Top of EXCERPTED RECORDS

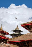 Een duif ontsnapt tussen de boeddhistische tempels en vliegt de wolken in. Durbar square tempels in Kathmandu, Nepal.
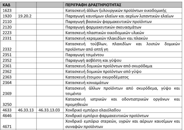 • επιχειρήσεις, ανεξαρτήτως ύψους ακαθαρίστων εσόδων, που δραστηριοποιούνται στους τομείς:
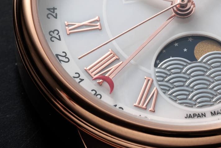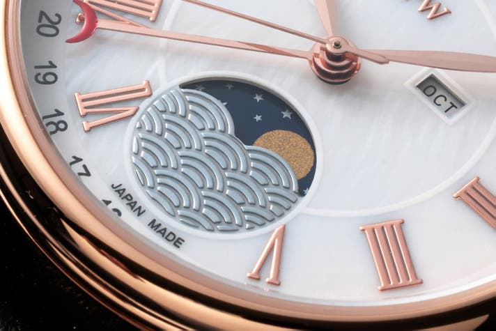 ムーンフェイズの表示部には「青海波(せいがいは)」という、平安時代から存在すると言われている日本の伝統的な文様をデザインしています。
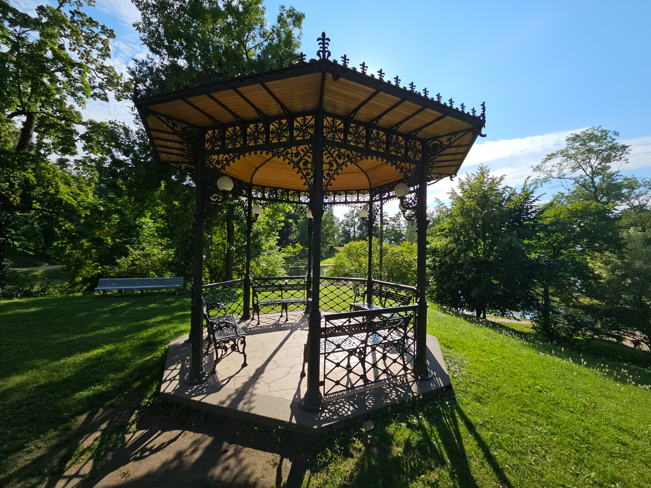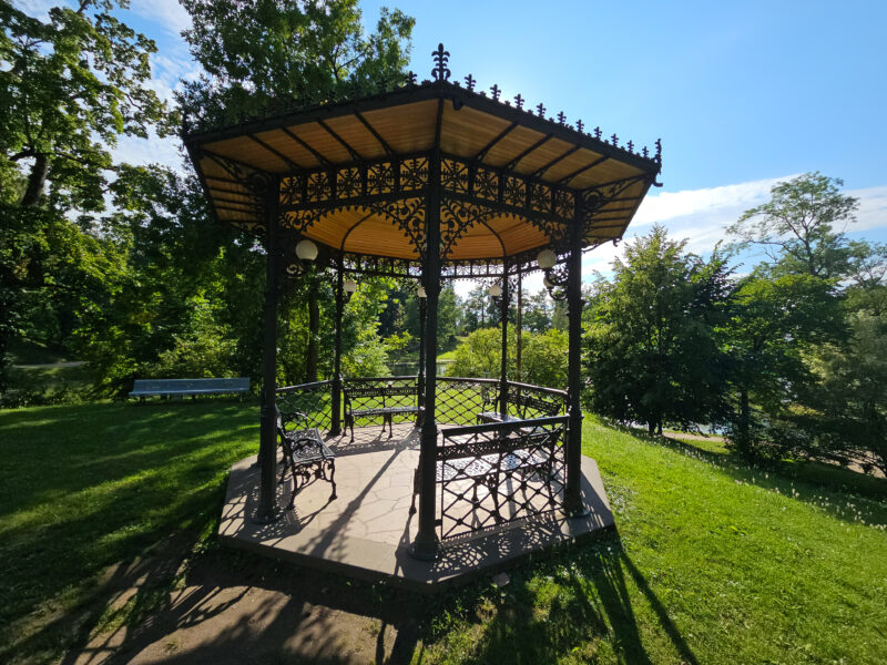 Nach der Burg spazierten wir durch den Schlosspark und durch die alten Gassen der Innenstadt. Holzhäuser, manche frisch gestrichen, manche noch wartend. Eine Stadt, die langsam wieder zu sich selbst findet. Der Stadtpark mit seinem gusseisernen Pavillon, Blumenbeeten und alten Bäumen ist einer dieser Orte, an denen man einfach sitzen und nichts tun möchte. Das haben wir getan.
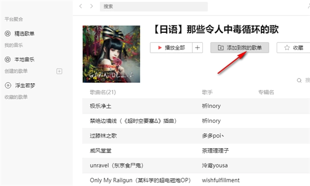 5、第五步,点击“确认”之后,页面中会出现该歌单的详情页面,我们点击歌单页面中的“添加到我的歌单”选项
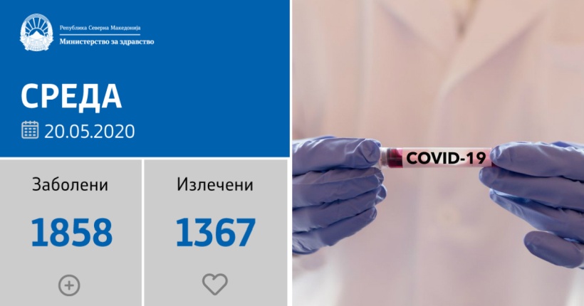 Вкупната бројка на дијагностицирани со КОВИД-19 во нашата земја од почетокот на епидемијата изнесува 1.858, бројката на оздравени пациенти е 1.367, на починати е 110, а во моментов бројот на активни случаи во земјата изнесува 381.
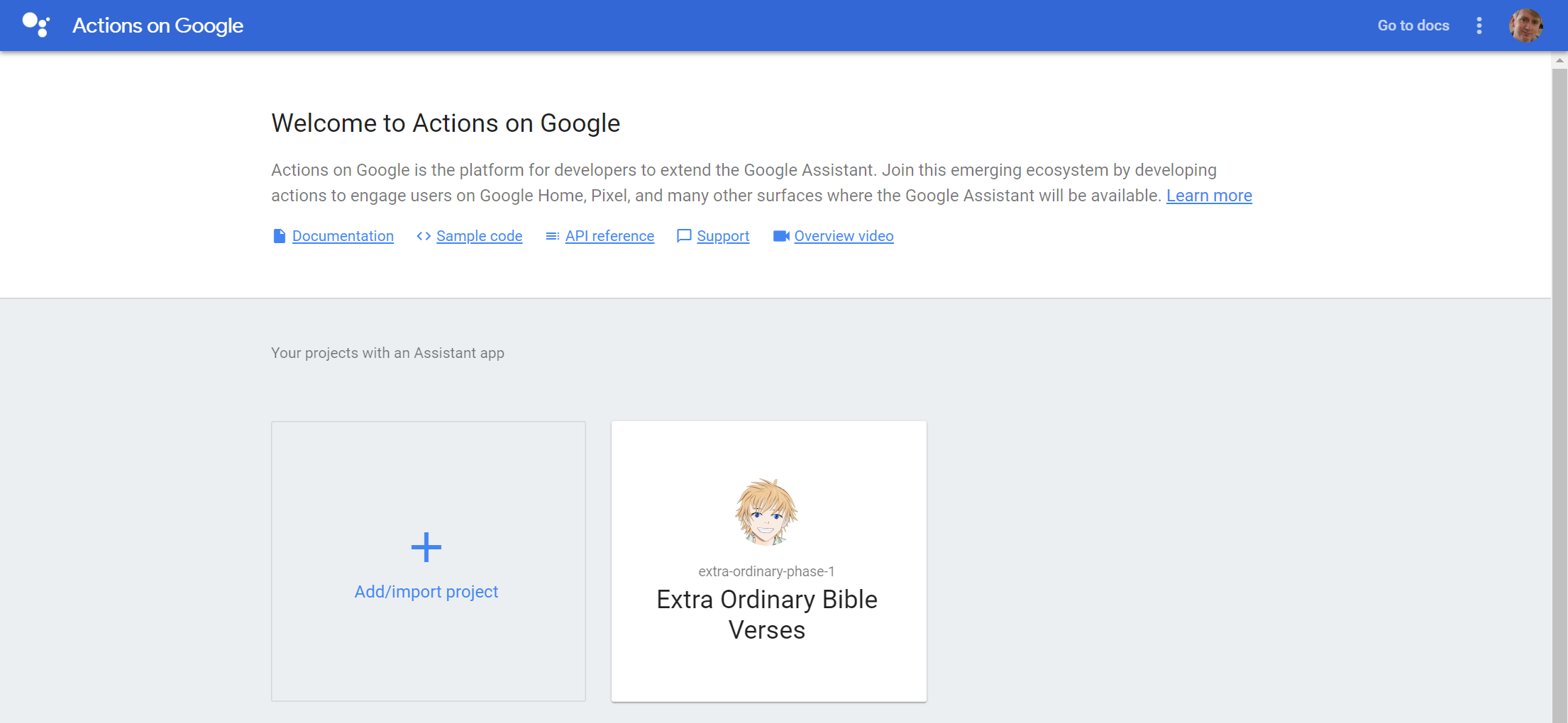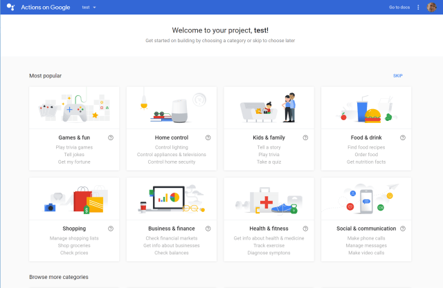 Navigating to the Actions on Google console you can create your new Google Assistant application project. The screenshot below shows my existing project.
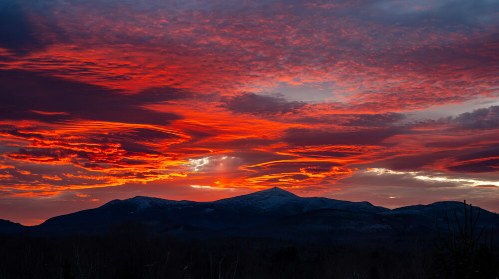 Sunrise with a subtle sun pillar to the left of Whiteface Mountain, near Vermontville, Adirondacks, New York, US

Bottom of EXCERPTED RECORDS

__WHAT YOU NEED TO DO__
Only the pictures stay out; the rest of the entries above must be written out exactly.

__RESPONSE TO THE TASK__
 Een duif ontsnapt tussen de boeddhistische tempels en vliegt de wolken in. Durbar square tempels in Kathmandu, Nepal.
 • επιχειρήσεις, ανεξαρτήτως ύψους ακαθαρίστων εσόδων, που δραστηριοποιούνται στους τομείς:
 ムーンフェイズの表示部には「青海波(せいがいは)」という、平安時代から存在すると言われている日本の伝統的な文様をデザインしています。
 Nach der Burg spazierten wir durch den Schlosspark und durch die alten Gassen der Innenstadt. Holzhäuser, manche frisch gestrichen, manche noch wartend. Eine Stadt, die langsam wieder zu sich selbst findet. Der Stadtpark mit seinem gusseisernen Pavillon, Blumenbeeten und alten Bäumen ist einer dieser Orte, an denen man einfach sitzen und nichts tun möchte. Das haben wir getan.
 5、第五步,点击“确认”之后,页面中会出现该歌单的详情页面,我们点击歌单页面中的“添加到我的歌单”选项
 Вкупната бројка на дијагностицирани со КОВИД-19 во нашата земја од почетокот на епидемијата изнесува 1.858, бројката на оздравени пациенти е 1.367, на починати е 110, а во моментов бројот на активни случаи во земјата изнесува 381.
 Navigating to the Actions on Google console you can create your new Google Assistant application project. The screenshot below shows my existing project.
 Sunrise with a subtle sun pillar to the left of Whiteface Mountain, near Vermontville, Adirondacks, New York, US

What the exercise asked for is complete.